Pero más valioso que eso fue la
temprana comprensión de los intereses fundamentales de la nación en el
concierto del mundo. En el arreo de las vacas a Santa Fe para compensar a la
provincia hermana las pérdidas que le habían ocasionado los atracos de los
directoriales, el joven Rosas asiste a las negociaciones de Estanislao López con
los representantes del Cabildo de Montevideo, que pedía ayuda argentina para
sacudirse el yugo portugués. Su comprensión del problema es inmediata. Desde
entonces se ocupa en preparar la liberación de la Banda Oriental, ayudando a
los patriotas uruguayos que, pese a las negativas de los rivadavianos y a las
vacilaciones del caudillo santafesino, preparan la insurrección que había de
estallar triunfante en 1825 con los famosos 33 Orientales.

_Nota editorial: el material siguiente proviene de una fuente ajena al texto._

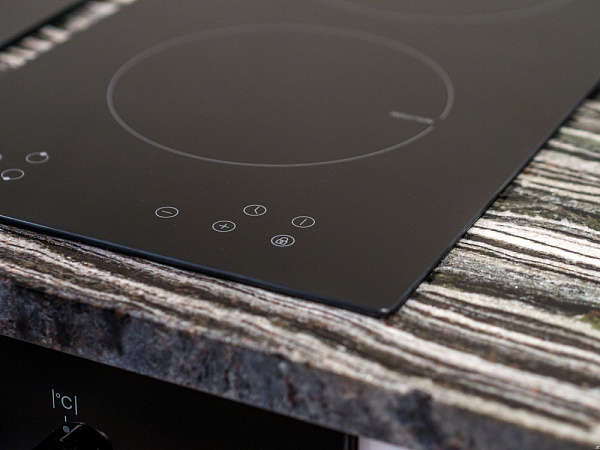 Индукционная поверхность работает за счет образовавшегося магнитного поля между катушкой, которая находится под стеклом, и посудой. При этом сама стеклокерамика нагревается за счет горячей посуды стоящей на ней. Она проста в уходе и безопасная для детей.

No se ha investigado debidamente
cómo encaraba la clase dirigente rioplatense, que había tenido fija la mirada
en la frontera del Atlántico, que había recuperado varias veces la Colonia del
Sacramento –para perderla otras tantas por culpa de la Corona–, que arrancó a
ésta la fundación del virreinato, las renuncias de los porteños netos a los
territorios de las provincias que no se les sometían incondicionalmente. Pero
es de suponer que no toda esa clase que había acaudillado la revolución por el
gobierno propio y la independencia estaba conforme con las desmembraciones
territoriales. La abdicación ante Bolívar en el Alto Perú después de Ayacucho
había dejado estupefacto al propio Libertador del Norte. La renuncia a la Banda
Oriental amenazaba repetir los garrafales errores de los comisionados Alvear y
Díaz Vélez en el Altiplano. Las voluntades particulares, en el caso de los 33
Orientales, se impusieron a la apatía de los poderes públicos y provocaron la
guerra con el Brasil, que por lo menos evitó la incorporación de lo que los
portugueses llamaban provincia cisplatina al flamante imperio fundado en Río de
Janeiro.
Vencedores argentinos y
orientales en Arroyo grande, en 1842, pasaron al Uruguay, contra la voluntad
europea; y desde entonces Oribe se reinstaló en su presidencia legal, al frente
del ejército oriental, auxiliado por 10 mil soldados argentinos. Imposible
seguir en poco espacio las negociaciones de los Estados rioplatenses con los
poderes europeos, con el afán de éstos porque dichos auxiliares argentinos se
retirasen de la Banda Oriental. Nada lograron, hasta el pronunciamiento de
Urquiza. Y el hecho singular que caracteriza el gobierno de Rosas, es que
durante diez años el caudillo mantuvo 10 mil hombres armados en la Banda
Oriental para amparar los intereses argentinos y uruguayos, contra las
pretensiones brasileñas o europeas, o contra ambas combinadas. Ningún otro
gobernante argentino hizo semejante demostración de fuerza, para negociar al
mejor estilo diplomático, en la medida de las armas que se dispone. Si a ello
se agrega que la ayuda se prestó con una generosidad incomparable, sin
compensación alguna, sin el menor compromiso de reciprocidad para el que la
recibía, el cuadro quedará completo.
Algunos de sus detractores
suponen que debió vivir sus últimos años atormentado por los remordimientos que
debieron causarle las tremendas responsabilidades que asumió. Pero es porque
olvidan que ellas le fueron impuestas, y no buscadas por él. Otros de sus
contemporáneos, como Cavour o Bismark, se hallaron en casos peores: el primero
no tuvo tiempo de sufrir remordimientos, porque murió apenas logrado el éxito,
pero estuvo a punto de suicidarse, cuando no lograba que Austria le declarase
la guerra; el segundo, sí –según su propio testimonio–, pues perdía el sueño al
recordar que con sus procedimientos arteros había mandado centenares de miles
de jóvenes a la muerte.
Su tranquilidad de espíritu en
la vejez queda explicada en la entrevista con los Quesada, padre e hijo, en
1873. Esa visión de sí mismo como un condenado a galeras, que el anciano
Dictador les dio a los dos porteños adversarios suyos, será siempre aceptable
para todo investigador que haya compulsado en los repositorios documentales del
país la masa de papeles manuscritos que Rosas dejó en los archivos públicos,
como prueba de que ningún otro primer mandatario dedicó tanto de su tiempo como
él al examen de los asuntos que le tocó dirigir.
* En «De la epopeya emancipadora a la pequeña
Argentina». Buenos Aires, Dictio, 1979, pp.205-210.